The sequence of these elements defines the format for a single point record:

Each <column> or <segment> element defines either a coordinate or an attribute to be accessed. Only the element's name attribute must be specified in any case. Further XML-attributes may be supported or even necessary - depending on the name, text or binary format definition, and whether the OFD is only used for import, or also for export:

  • format defines the format used to print numeric values to text files: width.precision
  • invalidValue defines the value to be exported if a point does not feature the attribute.
  • typeFile defines the coordinate's or attribute's binary representation on file. For possible values, see Supported Data Types
  • type defines the internal data type to be used for a custom attribute. For possible values, see Supported Data Types

Instead of specifying the value of invalidValue directly, for numeric attributes, the following identifiers have a special meaning:

  • Max: meaningful for all numeric types.
  • Min: meaningful only for signed integers and floating-point numbers. For unsigned integers: zero
  • NaN: supported for floating-point numbers only: quiet (non-signaling) "Not-a-Number"
  • Inf: supported for floating-point numbers only: positive infinity

If invalidValue is not given, 0 is used for numeric and character types, and an empty string for strings.

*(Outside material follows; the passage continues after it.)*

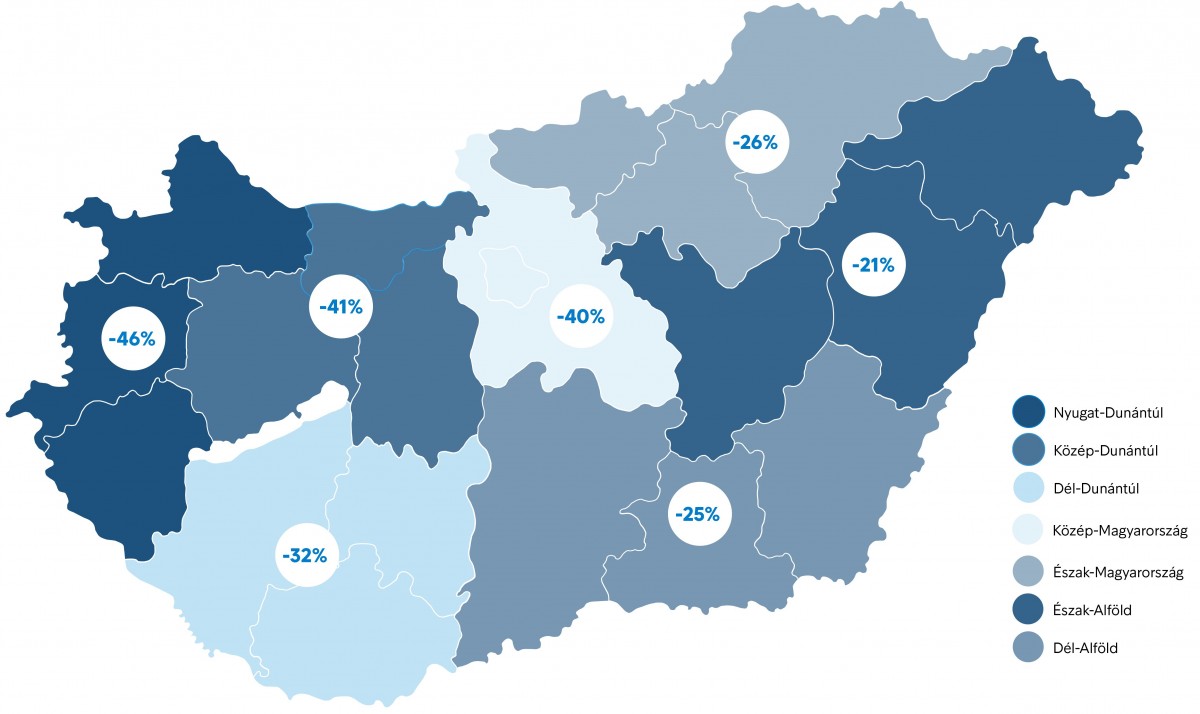 Az Intrum és a GKI új, félévente frissülő regionális fizetési jelentéséből pedig régiós szinten lehet adatokat kinyerni a válság okozta sokkról. Az indexből kiderült, hogy egyes régiókat a válság az átlagnál súlyosabban érintett. A legnagyobb mértékben egyértelműen a Nyugat-Dunántúlon élők pénzügyi helyzete romlott, a régióban a regionális fizetőképességi index értéke 2020 áprilisában 46 százalékkal csökkent az első negyedévhez képest. Hasonló a helyzet Közép-Magyarországon és Közép-Dunántúlon is. A központi régióban 40, nyugatabbra 41 százalékkal esett vissza a háztartások fizetőképessége.

<skip> allows for ignoring one or more (consecutive) columns when importing text files, while <skip> yields the specified number of bytes to be ignored when reading binary files. Like any OFD file, Generic Format Files must comply with the OFD Schema file.

As an example, consider the following simple text file:

#This is a simple xyz file
-31499.980 209747.690 2159.780
-31499.860 209747.170 2160.710
-31499.740 209746.740 2161.780
[...]

For a successful import, the first line must be skipped. The rest may be interpreted as lines containing X, Y, and Z coordinates each, in that order.

The following xml block shows an excerpt of the corresponding text OFD XML file:

<text>
<header skipLines='1' />
<column name='x' />
<column name='y' />
<column name='z' />
</text>

The file given above may be readily used for import and export. For export, however, one may opt for documenting the file content by usage of a header text. Furthermore, the width and precision of exported numbers may need to be adapted:

4  <text>
5  <header text='#This line could provide information about the file content' />
6 
7  <column name='x' format='12.3' />
8  <column name='y' format='12.3' />
9  <column name='z' format='9.3' />
10  <column name='Amplitude' format='9.3' />
11  </text>

For the complete OFD file, see $OPALS_ROOT/addons/formatdef/simpleAscii.xml.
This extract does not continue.